Two airplanes leave a airport at the same time , one going northwest ( bearing 315degrees) at 422 mph and the other going east at 341 mph. How far are the planes after 4 hours ?
Please help have no idea of how to solve?
Any change you could clear the question? Is the question how far are the planes from each other?
If my assumption is correct the way to solve it would be via geometry.
East is 90 degrees.
The plane going 90 has cathetus with the lenght of 4*341.
The other one has 4*422.
The angle between these 2 cathetuses is 90+45=135 degrees.
Solve hypotenus.
(Cosine theorem, A^2+B^2-2ABcosx=C^2)
Still the same guy here: ansver is 13055857/5186 miles.
To find the distance between the two airplanes after 4 hours, we need to calculate the distance each airplane has traveled.
First, let's find the distance traveled by the northwest-bound airplane.
Distance = Speed × Time
Distance = 422 mph × 4 hours
Distance = 1688 miles
Now, let's find the distance traveled by the eastbound airplane.
Distance = Speed × Time
Distance = 341 mph × 4 hours
Distance = 1364 miles
To find the total distance between the two airplanes after 4 hours, we need to find the diagonal of a right triangle formed by the distances traveled by each airplane.
Using the Pythagorean theorem, we can find the diagonal distance.
Diagonal Distance² = Northwest Distance² + East Distance²
Diagonal Distance² = (1688 miles)² + (1364 miles)²
Diagonal Distance² = 2,846,144 + 1,860,496
Diagonal Distance² = 4,706,640
Diagonal Distance = √4,706,640
Diagonal Distance ≈ 2,169.6 miles
Therefore, after 4 hours, the two airplanes are approximately 2,169.6 miles apart.
To solve this problem, we can use the concept of vectors and the Pythagorean theorem.
First, let's break down the velocities of the two airplanes into their horizontal (east-west) and vertical (north-south) components.
For the airplane going northwest, the bearing is given as 315 degrees. To find the horizontal and vertical components, we can use trigonometry.
The horizontal component (x-component) can be found by multiplying the velocity (422 mph) by the cosine of the angle:
Horizontal component = 422 mph * cos(315 degrees) = 422 mph * cos(-45 degrees) = 422 mph * (√2 / 2) = 422 * 0.7071 ≈ 298.85 mph (rounded to two decimal places).
The vertical component (y-component) can be found by multiplying the velocity (422 mph) by the sine of the angle:
Vertical component = 422 mph * sin(315 degrees) = 422 mph * sin(-45 degrees) = 422 mph * (√2 / 2) = 422 * 0.7071 ≈ 298.85 mph (rounded to two decimal places).
For the airplane going east, the bearing is 90 degrees. Its velocity is 341 mph.
Since the airplanes left the airport at the same time, we can assume that their positions relative to the airport are the same, and the distance between them after 4 hours is the magnitude of their displacement vectors.

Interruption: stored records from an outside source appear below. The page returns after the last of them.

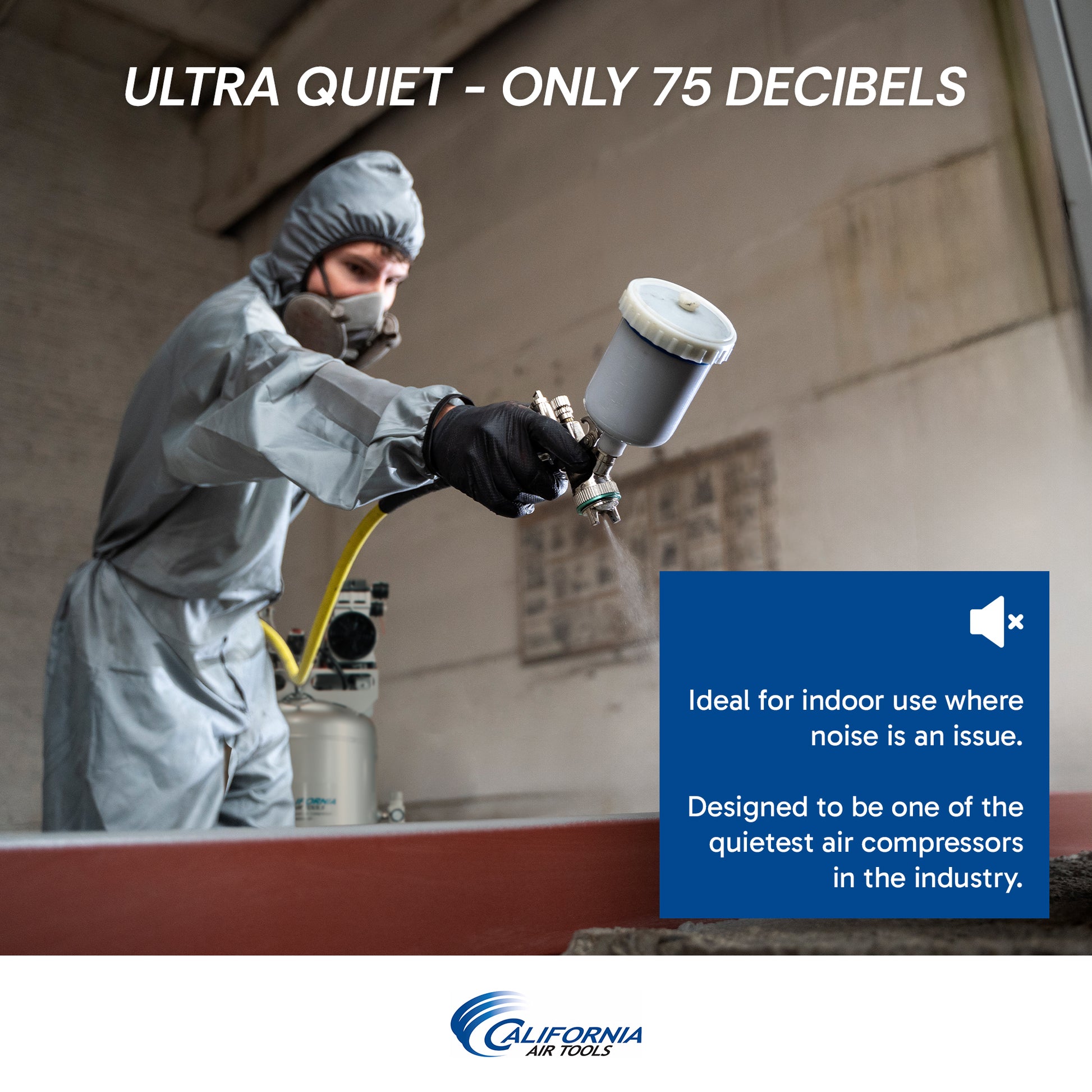 The California Air Tools 60040CAD provides ultra-quiet operation (75 dB) and powerful performance (10.60 CFM @ 90 PSI and 12.80 CFM @ 40 PSI ). Equipped with two efficient 2.0 HP motors running at just 1680 RPM, it significantly reduces noise, vibration, and wear.
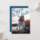 Fullt sparar datumet med skripttextdesign på framsidan och tre foton på baksidan av kortet. Färg på baksidan och texten kan ändras när du anpassar för att komplettera dina egna förlovningar.
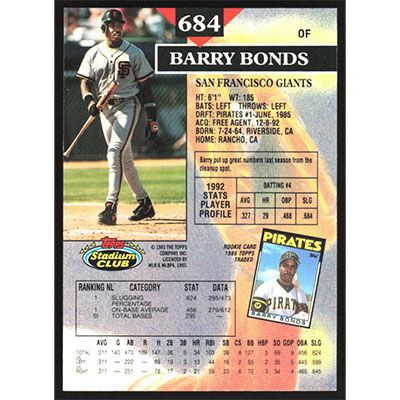 This is a 1993 Stadium Club Barry Bonds baseball card. The card is #684 and pictures show condition.
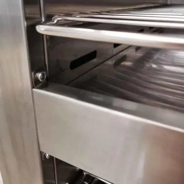 The cabinet is constructed from three-layer 304 stainless steel for durability, corrosion resistance, and easy cleaning.
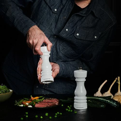 Season with confidence with the Cole & Mason London 18cm White Gloss Gift Set. Comprising a salt and pepper mill and crafted from high grade beech wood finished in gloss with a stainless steel knob, these London mills are inspired by the beautiful, Art Deco and industrial British architecture that can be found throughout the city of London and honours both Cole & Mason’s heritage whilst looking to the future with their classic, yet contemporary aesthetic. Their timeless design would make a stylish addition to both modern and traditional kitchens.
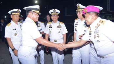 Jakarta – koranprogresif.co.id, Wakil Komandan Korps Marinir (Wadan Kormar) Brigjen TNI (Mar) Suherlan mengikuti Upacara Tabur Bunga di Laut, dalam rangka memperingati Hari Armada ke-78 Tahun 2023 dengan mengusung tema “Koarmada RI Mendukung Kekuatan Laut Nusantara Terus Melaju Bersama untuk Indonesia Maju” di atas Kapal Perang Republik Indonesia, KRI SMR-594 yang berlayar di sekitaran Perairan Jakarta. Kamis (30/11/2023).

The displacement vector for the northwest airplane is given by (298.85 mph * 4 hours, 298.85 mph * 4 hours), which simplifies to (1195.4 miles, 1195.4 miles).
The displacement vector for the eastward airplane is given by (341 mph * 4 hours, 0 miles), which simplifies to (1364 miles, 0 miles).
To find the distance between the two airplanes after 4 hours, we apply the Pythagorean theorem:
Distance = √((1195.4 miles - 1364 miles)^2 + (1195.4 miles - 0 miles)^2)
= √((-168.6 miles)^2 + (1195.4 miles)^2)
= √(28384.96 miles^2 + 1425870.16 miles^2)
= √(1454255.12 miles^2)
≈ 1205.76 miles (rounded to two decimal places).
Therefore, the airplanes are approximately 1205.76 miles apart after 4 hours.